I faced several challenges. One was in even getting access to sources. For example, the relationships and stories that I explore were ones that colonial states and societies sought to keep hidden. Therefore, there were files that I had to ask permission to access from French colonial archives or wait until time limits on their availability had passed. Furthermore, there were moments during which civil unrest and material conditions limited my ability to travel to certain sites in Africa. For example, the Republic of the Congo had experienced civil conflict for much of the early 2000's and the national archives were closed. When I was finally able to travel there in 2018, three days after my arrival, part of the archives building fell into a sinkhole which made it impossible to continue to consult records. Lastly, I was telling the intimate, familial, emotional history of people's lives. I had to be empathetic to how individuals expressed stories of loss, pain, and abandonment, to honor their stories and tell them in a way that respected peoples' wishes for both acknowledgment and privacy, and in ways that confirmed dignity.

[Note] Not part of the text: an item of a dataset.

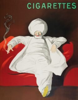 Leonetto Cappiello (9 April 1875 – 2 February 1942) was an Italian and French poster art designer and painter, who mainly lived and worked in Paris. He is now often called ‘the father of modern advertising’ because of his innovation in poster design. The early advertising poster was characterized by a painterly quality as evidenced by early poster artists Jules ChéretAlfred Choubrac and Hugo D’Alesi. Cappiello, like other young artists, worked in a way that was almost the opposite of his predecessors. He was the first poster artist to use bold figures popping out of black backgrounds, a startling contrast to posters’ early norm.

Which topics are you excited to teach at Stanford?
I'll be teaching in many different units at Stanford and will do so in a way that merges my focus on gender studies, history, and African and global affairs. In the FGSS, I hope to teach about the ways in which societies across the globe and in different historical moments have lived and thought about feminism, gender, and sexuality. I am also excited to leverage Stanford's legacy in technological innovation to cultivate new coursework and undergraduate and graduate student curricular offerings in the global history of gender and technology/technologies.
What texts inspired you the most in your career? Why?
Two texts have been inspiring, for different reasons. One is Albert Camus’ The First Man. As a student of French language and literature, I appreciated Camus’ brilliant writing. Yet at the beginning of this somewhat autobiographical novel, there is a quote about how poor people do not have robust memories, implying that poor people have no history. This did not align with my research findings about how the most seemingly dispossessed people across time and space lived rich and impactful lives whether they travelled far and wide or remained in places of birth. To a certain extent, I've been striving to disprove this text by Camus over the course of my career! At the opposite end stands Michel-Rolph Trouillot's Silencing the Past. Like me, Trouillot was born in Haiti. His book starts with "I grew up in a family where history sat at the dinner table." This line encapsulates his exploration of how history lives in multiple spaces and places, and yet how unequal access to knowledge production shapes whose history gets told and how history is narrated. It is a brilliant reflection on how to democratize historical research.
You are an accomplished scholar, a dedicated teacher, and an impactful administrator. How do you balance these roles?
I think of higher education as an ecosystem in which many different units simultaneously operate to create learning opportunities. Given this dynamic, I've found that wearing different hats allows me to collaboratively contribute to expanding access and achievement. Pursuing scholarship, frequently through co-working with research partners, has allowed me to contribute to the production of knowledge and innovation that is at the core of what universities do. Yet, a university can only truly thrive to the extent that it facilitates student exploration and learning; so that students take what they have learned to lead impactful lives. Thirdly, institutional policies and infrastructures profoundly shape research, teaching, learning, and all of the forms of labor that go into the operations of a university. Therefore, serving in administrative roles allows me to contribute to the shaping of a culture and frameworks in which all members of a university community can thrive.